- Created by: Bernardo Romero Pereiro
- Written by: Juan Carlos Pérez
- Directed by: Toni Navia
- Starring: Martha Restrepo Andrea López Carlos Humberto Camacho Oscar Salazar Freddy Flórez Álvaro Castillo Edwin Eissner
- Country of origin: Colombia
- No. of seasons: 4
- No. of episodes: 156

Production
- Running time: 23 minutes (per episode)
- Production company: RCN Televisión

Original release
- Network: Canal A
- Release: 1994 – 1997

= O todos en la cama =

O todos en la cama is a Colombian sitcom produced by RCN TV and broadcast on Canal A from June 1994 until his cancellation in June 1997. The sitcom is about seven university students (five men and two women) from different regions sharing an apartment in Bogotá.

==Story==
Seven students from different regions of Colombia are reunited in a tiny apartment (Then a house). Despite their differences, they start a very strong friendship and start caring for each other. Even a relationship starts between Rebeca and Juan Manuel.
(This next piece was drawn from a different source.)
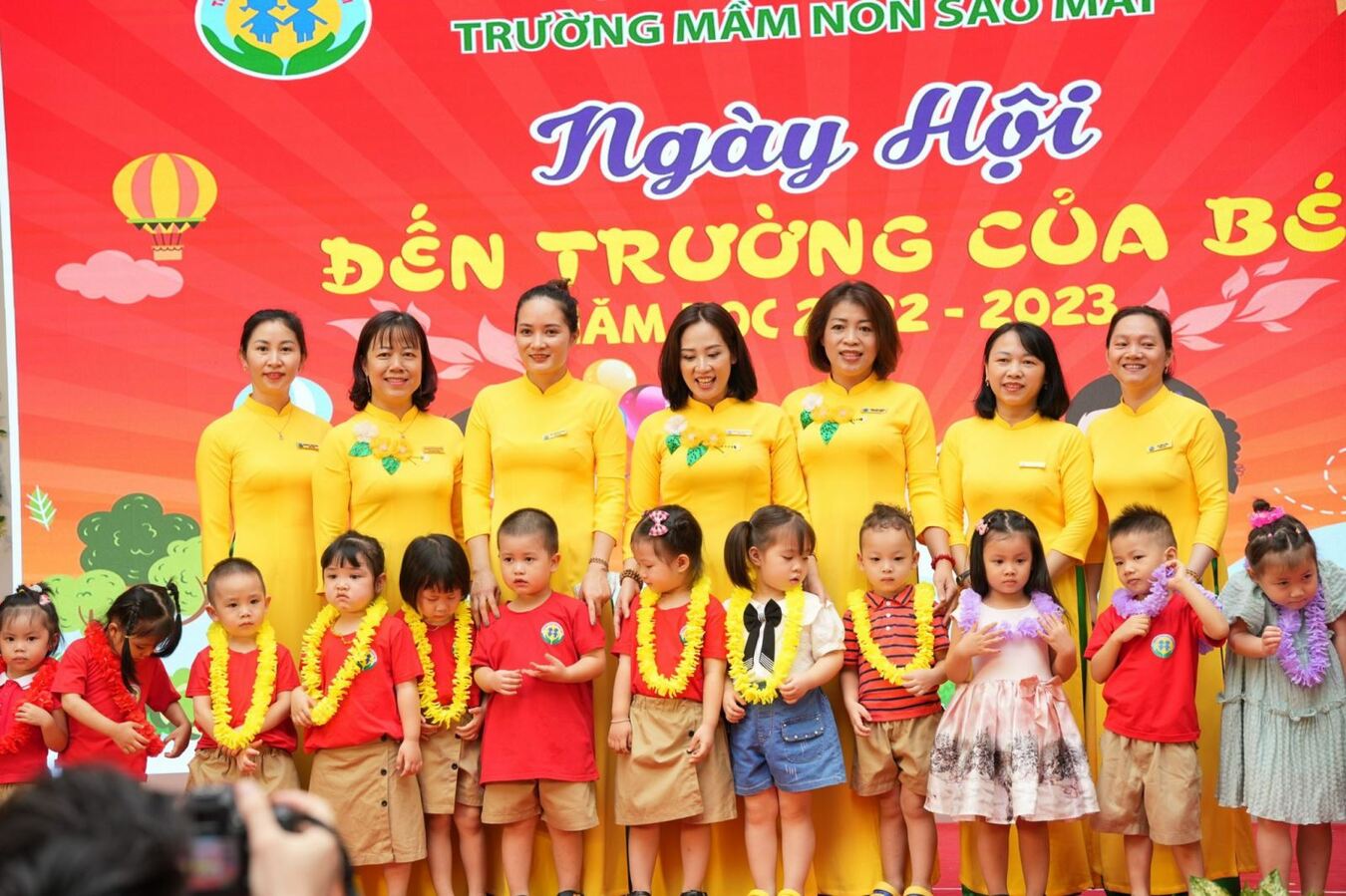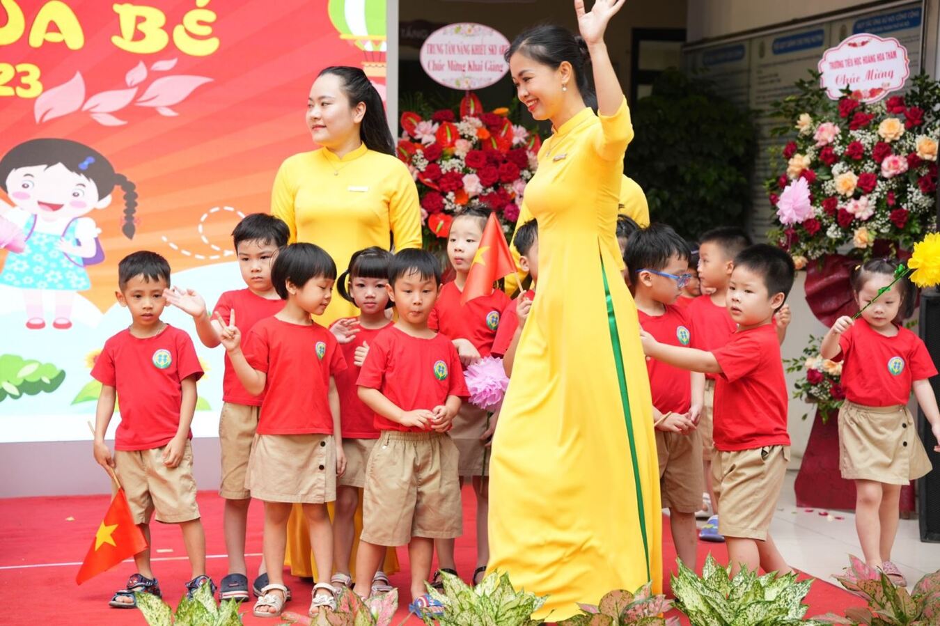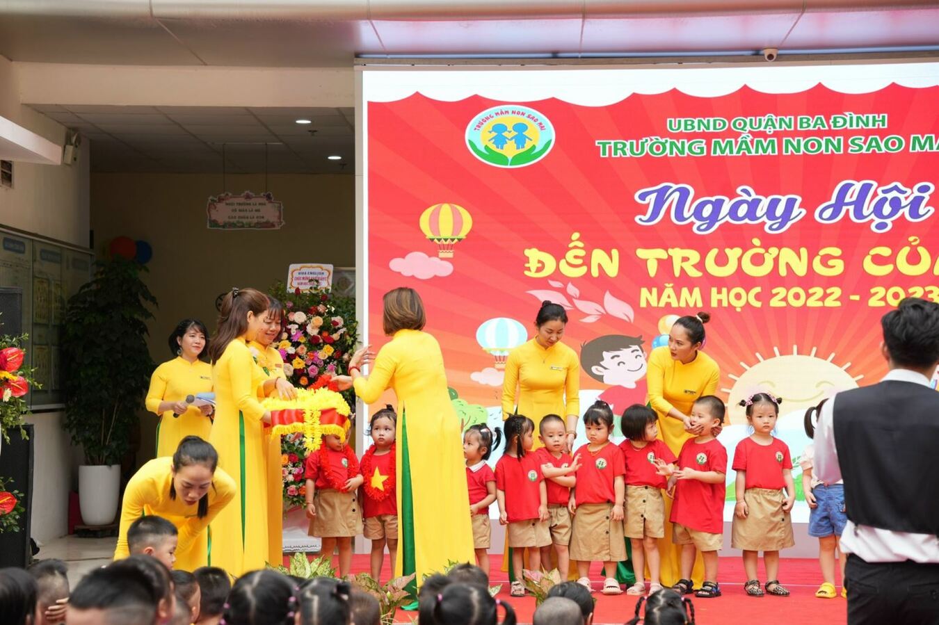 Hôm nay 05/09/2022, hòa chung với không khí vui tươi của cả nước thi đua lập thành tích chào mừng kỉ niệm 77 năm Cách mạng tháng Tám và Quốc khánh 2/9, bé và cô trường Mầm non Sao Mai trang trọng tổ chức Lễ Khai giảng năm học mới - Năm học 2022-2023.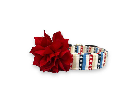Stars and Stripe Dog Collar with Flower

At the middle of their second year on the air (1996), Carlos Humberto Camacho and Andrea López left the series after being hired to star in the soap opera "Prisioneros del Amor". This forced changes in the story: "La Rana" and Juan Manuel fell in love and ran away. Rebeca discovered that she was pregnant and fell in love with Pablo Caminos. At the end of the year, they married and their characters left the series. Actresses Sandra Muñoz ("Cristina"), Fabiana Medina ("Ana") and actor Guido Molina ("Cacho") were introduced to the series, but lost steam and declining ratings led to their cancellation in June 1997.

==Cast==
- Martha Restrepo as Rebeca Vega, veterinary student from Pereira, Juan Manuel's girlfriend
- Andrea López as Inés Mercedes Videla, La rana, social communication student
- Carlos Humberto Camacho as Juan Manuel Ríos, architecture student from Antioquia, Rebeca's boyfriend
- Oscar Salazar as Pablo Caminos, music student from Pasto
- Freddy Flórez as Guillermo Leyes, law student from the Caribbean coast
- Álvaro Castillo as Julián Bam Bam Corredor, student from Cali
- Edwin Eissner as Eduardo Blanco, management student from Bogotá
- Hernando el Chato Latorre as Armando Mesoneros
- Paola Fernández as Selene
- Bárbara Perea as Rafaela Mercado
- María Margarita Giraldo as Eduardo's mother
- Paula Ferrada as Chavela, Bam Bams cousin
- Fabiana Medina as Ana (last season)
- Sandra Muñoz as Cristina (last season)
- Guido Molina as Cacho (last season)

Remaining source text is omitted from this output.